In this introductory chapter, we begin with core concepts. We review the major categories of goods: private, public, common-pool, and club. We also discuss the concept of good specificity – essentially, the number of possible suppliers – which matters to the politics of substitution. We then turn toward a discussion of how this volume defines and understands international order. In particular, we argue that an important feature of international order is its “goods ecology” – that is, patterns in the production, supply, quality, and nature of international goods.
The next major section elaborates the logic of goods substitution, and serves as the common framework for the chapters in this volume. We discuss top-down – that is, from great and regional powers – and bottom-up – that is, from weaker states and other actors – drivers of goods substitution, and distinguish between intrinsic and extrinsic reasons why recipients of patronage might seek to alter their portfolios.
We then take a slight detour. Most, but not all, of the goods discussed in this volume are the “objects” or “things” of so-called “rationalist” approaches to international politics, such as military assistance and development projects. But many of the goods in international politics are cultural or symbolic in character. Others – from security commitments to roles in international organizations – might be best understood as having performative dimensions. One of the classic “goods” in hegemonic-order theories, for example, is status or prestige, which is hardly an objective thing (see Reference DuqueDuque 2018; Reference GilpinGilpin 1981; Reference GoddardGoddard 2018a, Reference Goddard2018b; Reference Ikenberry and NexonIkenberry and Nexon 2019; Reference Larson, Paul, Wohlforth, Paul, Larson and WohlforthLarson, Paul, and Wohlforth 2011; Reference Larson and ShevchenkoLarson and Shevchenko 2010; Reference Volgy and MayhallVolgy and Mayhall 1995; Reference WardWard 2017). We therefore discuss this dimension of goods and, although it is not a focus of this volume, how approaches that focus on social fields dovetail nicely with the study of goods substitution.
We conclude by laying out the plan of the volume and the contents of each of the chapters.
Goods and Assets
Goods are anything, whether tangible or intangible, that provide a benefit and have an exchange value. Although the distinction does not concern us much here, any good that can generate future value is an asset. Examples include broad categories of goods, such as military security and economic wealth. They also include a long list of more particular goods, including aircraft carriers, nuclear weapons, military bases, hard-currency reserves, fisheries, rivers, voting rights on the United Nations Security Council (UNSC), and the possession of sacred spaces, such as Jerusalem or Mecca.
An important dimension along which goods differ is excludability: the degree to which a “potential user or beneficiary” can be prevented from benefitting from a good. Another is rivalry: the degree to which a good is “not diminished by consumption or use” (Reference KrahmannKrahmann 2008, 383). Different categories of goods vary in their position along these dimensions:
Public goods are nonrivalrous and nonexcludable. A classic example is a lighthouse. The owner of a lighthouse cannot prevent a ship from seeing its signal, and thus benefitting from its navigational assistance.
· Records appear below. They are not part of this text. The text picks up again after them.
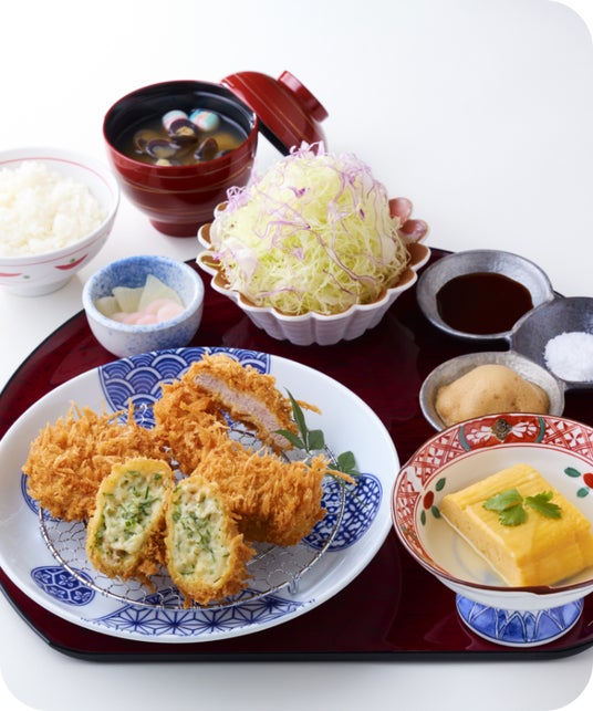 あさりと九条ねぎの豆乳クリームコロッケとひれかつ膳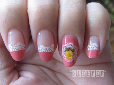 フレンチの境目に貼ったレースシールは以前も使った劣化でパリパリに割れるシールです(笑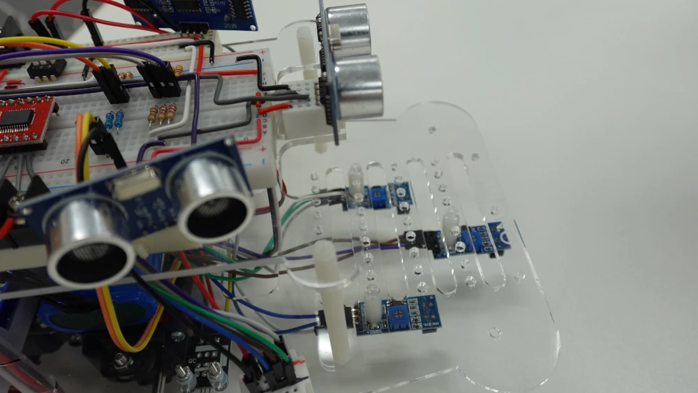 いよいよフロント、右側面、左側面、3つの超音波センサを使って壁に囲まれたクランクを自動走行させます。3つのセンサがどのような検知を行うか場合分けと、その時の処理をプログラムに書き込んでいきます。このHC-SR04という超音波センサモジュールは正面から±7.5°程度の範囲では反射波を正確に受信できますが、少しずれると測定不可能になってしまうという特性があります。このため壁に対して斜めに侵入する場合は、壁に当たるくらい近づかないとわからないということになります。そこで左右のセンサは少し斜め(約15度)に取り付け、真横だけでなく「前斜め方向」までカバーでき、角のある通路や曲がり角に早く気づき、死角が減るようにしました。特に壁に対して斜めに侵入すると、進行方向と同じ向きに取り付けた場合、制御不能に陥りやすくなります。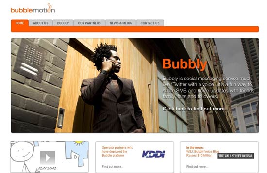 “Bubble Motion”的Bubbly平臺是一個手機端的語音微博服務,允許用戶通過聲音向他們的關注者和粉絲發(fā)布狀態(tài)信息,模式與Twitter一樣,只是將文字變成了聲音,微博變成了bubbles,用戶將錄制的聲音更新到手機,然后所有粉絲將收到一條短信通知,點擊短信內的鏈接就可以收聽。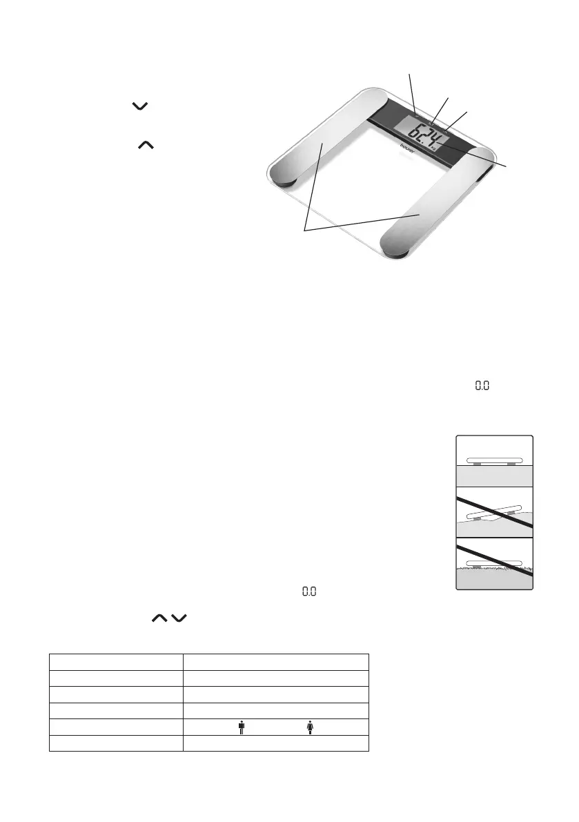 • Установите весы наровную твердую поверхность; твердая поверхность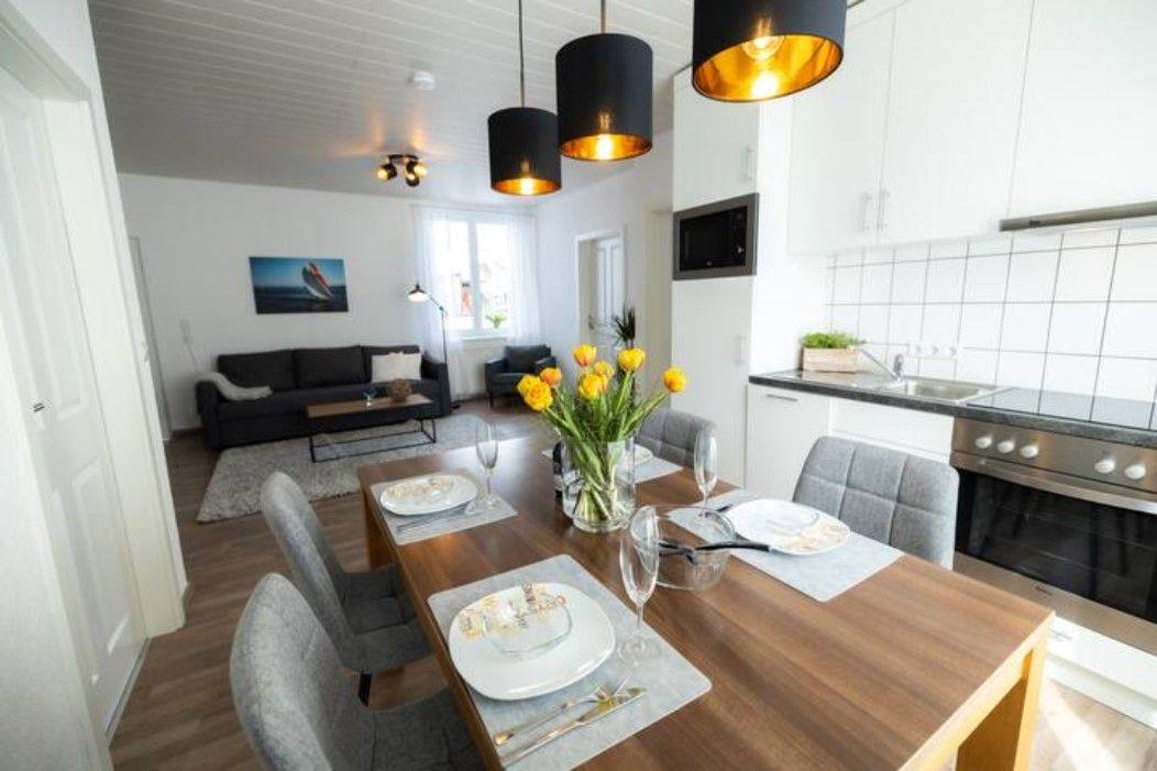 Das großzügige Apartment Nummer 2 bietet Platz für bis zu 4 Personen und besticht durch seine geschmackvolle und moderne Einrichtung. Beim Betreten finden Sie einen offenen Wohn-Essbereich vor, der zum Verweilen und Entspannen einlädt. Die voll ausgestattete Küche ermöglicht es Ihnen, Ihre Mahlzeiten bequem zuzubereiten und Ihre Lieblingsgerichte zu genießen. Das Apartment verfügt über zwei separate Schlafzimmer, was es ideal für Familien, Freunde oder Paare macht, die Privatsphäre schätzen. Für diejenigen, die im Freien entspannen möchten, gibt es eine gemeinsame Terrasse, die mit Apartment Nummer 3 geteilt wird. Diese Terrasse ist geschickt mit Pflanzen und einem Grill ausgestattet, um angenehme Abende im Freien zu ermöglichen, sei es für gesellige Spieleabende oder gemeinsame Stunden mit Freunden und Familie.

Moreover, the lighthouse “has the same utility irrespective of whether it guides one or one hundred ships” (Reference KrahmannKrahmann 2005, 383–84; see also Reference OlsonOlson 1973). In world politics, the suppression of piracy provides an example of a public good. So long as shipping lanes remain open to everyone, stopping piracy benefits all those engaged in maritime trade and does so irrespective of the number of ships passing through.
Private goods are both excludable and rivalrous. Bilateral economic assistance and arms transfers are, in the main, examples of international private goods. While some third parties might indirectly benefit, the direct benefits go only to the recipient state, whose use of the good reduces its value for others.
Common pool goods are “non-excludable, but rival; everybody has free access to them, but the more people use them the less there is for others” (Reference KrahmannKrahmann 2008, 384; see also Reference Ostrom, Gardner and WalkerOstrom, Gardner, and Walker 1994).
Club goods are excludable but nonrivalrous. Collective security arrangements, such as NATO, provide security as a club good. Only member states directly benefit from the promise of mutual defense, but the addition of more members does not, at least in principle, reduce the value of the good (Reference KrahmannKrahmann 2008, 384; see also Reference Cornes and SandlerCornes and Sandler 1996).
These categories are ideal typical; real goods combine their features in various ways. For example, to the extent that NATO depresses security rivalries among member states and makes relations in much of Europe more peaceful, it may have spillover effects on the international conflict environment that operate more like a public good. At the same time, the value of NATO’s security guarantee probably varies with respect to the number of member states. If NATO had included only the United States, Canada, and Belgium during the Cold War it would have been much less effective at deterring the Soviet Union. But, at some point, NATO might become too large and its benefits decline. Indeed, some believe that the addition of new members after the Cold War diluted the credibility and effectiveness of the alliance (see Reference Sandler and TschirhartSandler and Tschirhart 1997).Footnote 8
Goods vary in other ways that matter for the politics of substitution: their relative specificity, which refers to the number of providers that can supply the same good (see Reference LakeLake 1999, Reference Lake2001). Gibraltar was a highly specific asset for modern European geopolitics, as it occupied a chokepoint between the Atlantic and the Mediterranean. The Dardanelles provide the only way to sail ships from the Black Sea to the Mediterranean, which made their control a major concern for much of European history. Petroleum and natural gas reserves are relatively specific assets, in that there are multiple oil and gas fields across the globe.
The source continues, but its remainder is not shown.